The output has to be the full set of records, reproduced exactly, minus any picture.
Data for review Start Marker
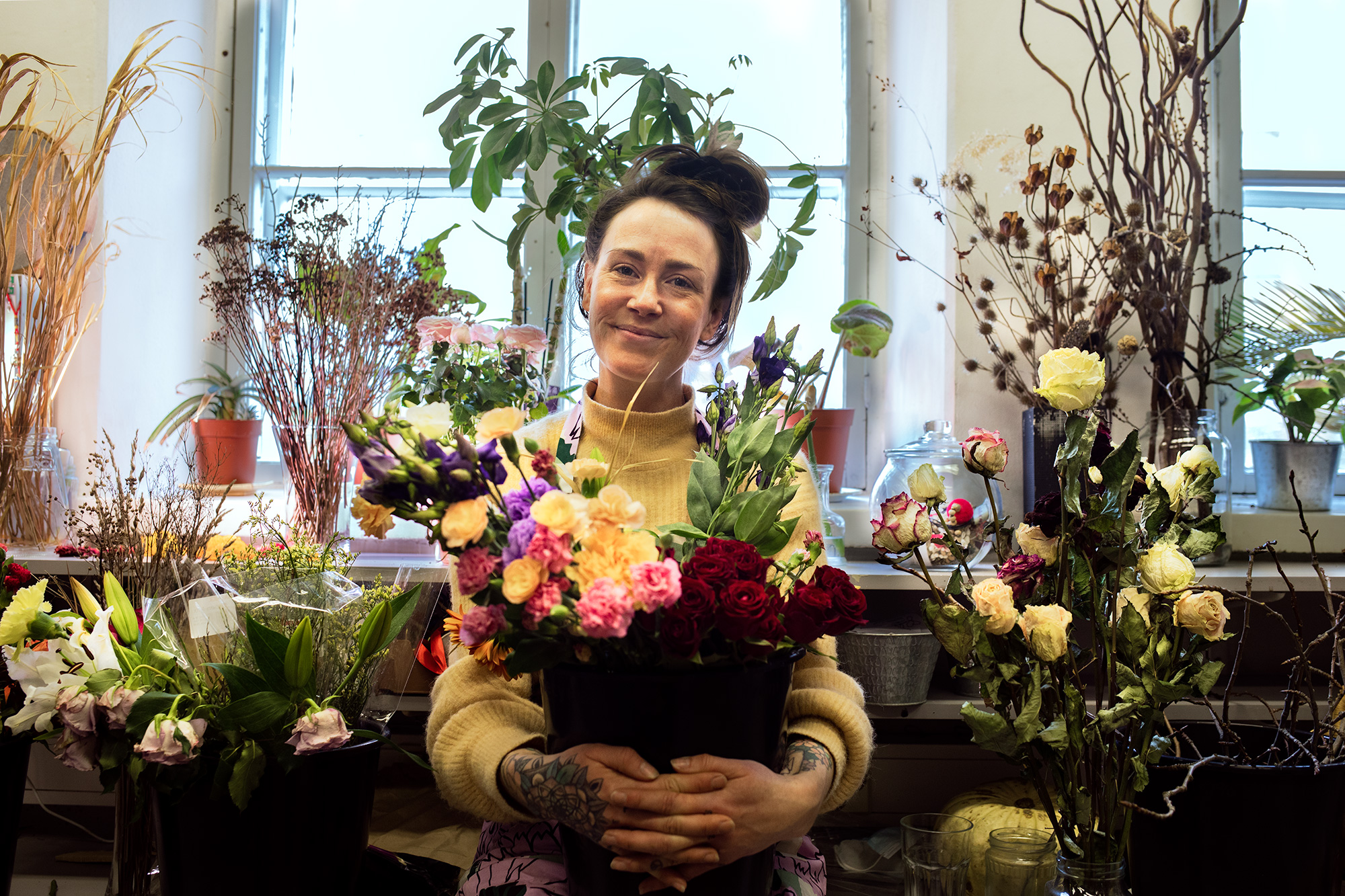 Itseoppinut kukkakauppias Kunnaala innostui kasveista työskenneltyään Espanjassa permaviljelyn parissa. ”Kukkakauppa oli äitini unelma. Hän on nyt eläkkeellä ja auttaa minua myymälässä kesäisin.”
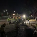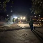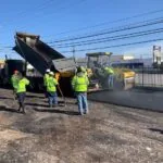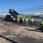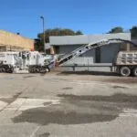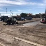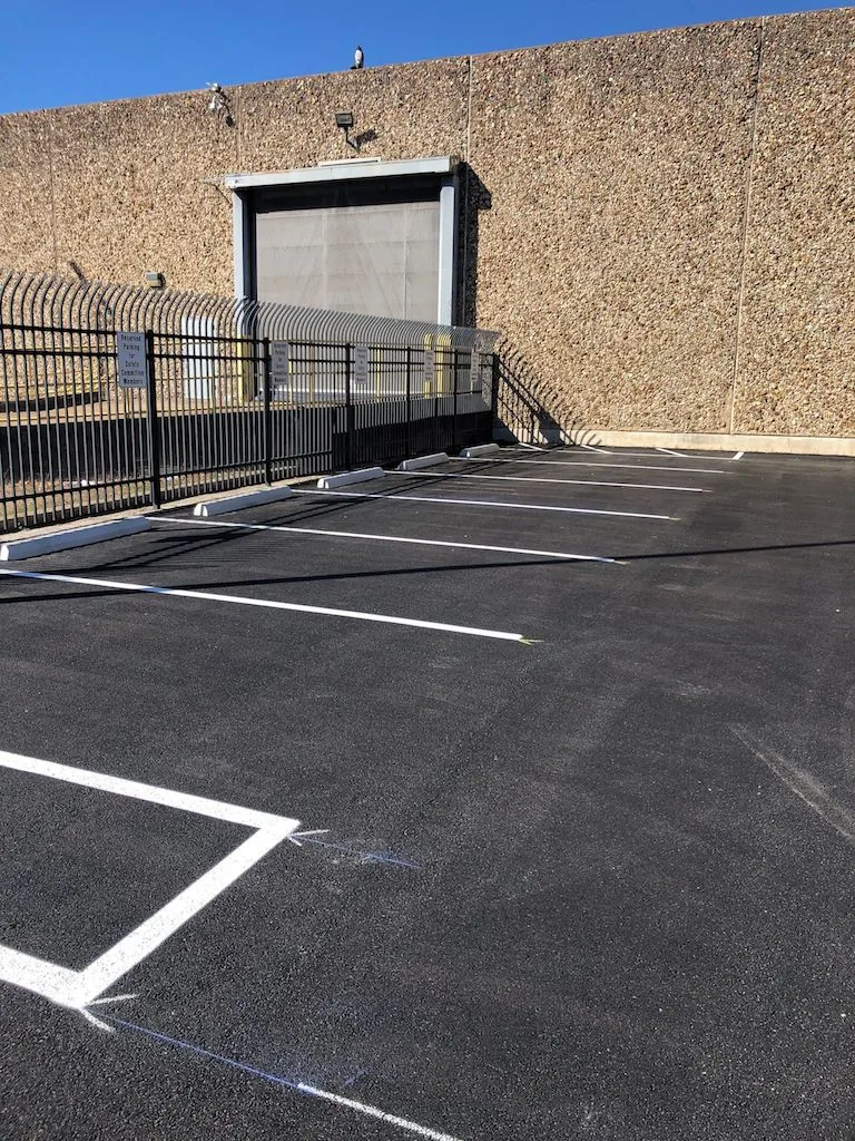Our first step was to remove all of the wheel stops in the parking lot. We then milled the parking lot to remove the asphalt to a depth of 2 inches; in the process, we discovered the existence of a previous overlay. Our next step was to install new asphalt. Most of the parking lot only required 2 inches of asphalt to replace the pavement we removed during the milling process, but some areas with base failure required additional asphalt depth. In total, we used 750 tons of asphalt to cover 52,750 square feet of pavement. We completed the milling and paving in a 16-hour day that started at 5 a.m. and ended at 9 p.m. We then returned to apply the pavement markings, stripe the parking lot, and install new wheel stops.
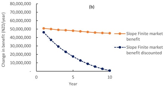 Thirdly, as the flow of benefits emerge in the future, such future benefits needed to be discounted to properly count them on a common timeframe. To achieve this, a discount rate of 10%/year was used as suggested by Sheppard and Malcolm []. Table 4 compares the raw benefit and the discounted benefit series.
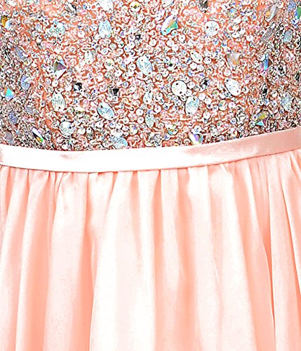 Peach Illusion Rhinestone Beaded Chiffon Short Dress Prom 2015
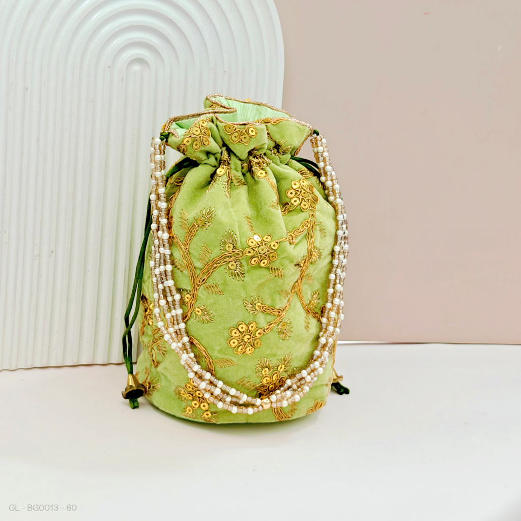 ✅ Velvet cloth with designer patterns with pearl chain handle for easy carry.
Data for review End Marker
• _Result of the task_:
 Itseoppinut kukkakauppias Kunnaala innostui kasveista työskenneltyään Espanjassa permaviljelyn parissa. ”Kukkakauppa oli äitini unelma. Hän on nyt eläkkeellä ja auttaa minua myymälässä kesäisin.”
Our first step was to remove all of the wheel stops in the parking lot. We then milled the parking lot to remove the asphalt to a depth of 2 inches; in the process, we discovered the existence of a previous overlay. Our next step was to install new asphalt. Most of the parking lot only required 2 inches of asphalt to replace the pavement we removed during the milling process, but some areas with base failure required additional asphalt depth. In total, we used 750 tons of asphalt to cover 52,750 square feet of pavement. We completed the milling and paving in a 16-hour day that started at 5 a.m. and ended at 9 p.m. We then returned to apply the pavement markings, stripe the parking lot, and install new wheel stops.
 Thirdly, as the flow of benefits emerge in the future, such future benefits needed to be discounted to properly count them on a common timeframe. To achieve this, a discount rate of 10%/year was used as suggested by Sheppard and Malcolm []. Table 4 compares the raw benefit and the discounted benefit series.
 Peach Illusion Rhinestone Beaded Chiffon Short Dress Prom 2015
 ✅ Velvet cloth with designer patterns with pearl chain handle for easy carry.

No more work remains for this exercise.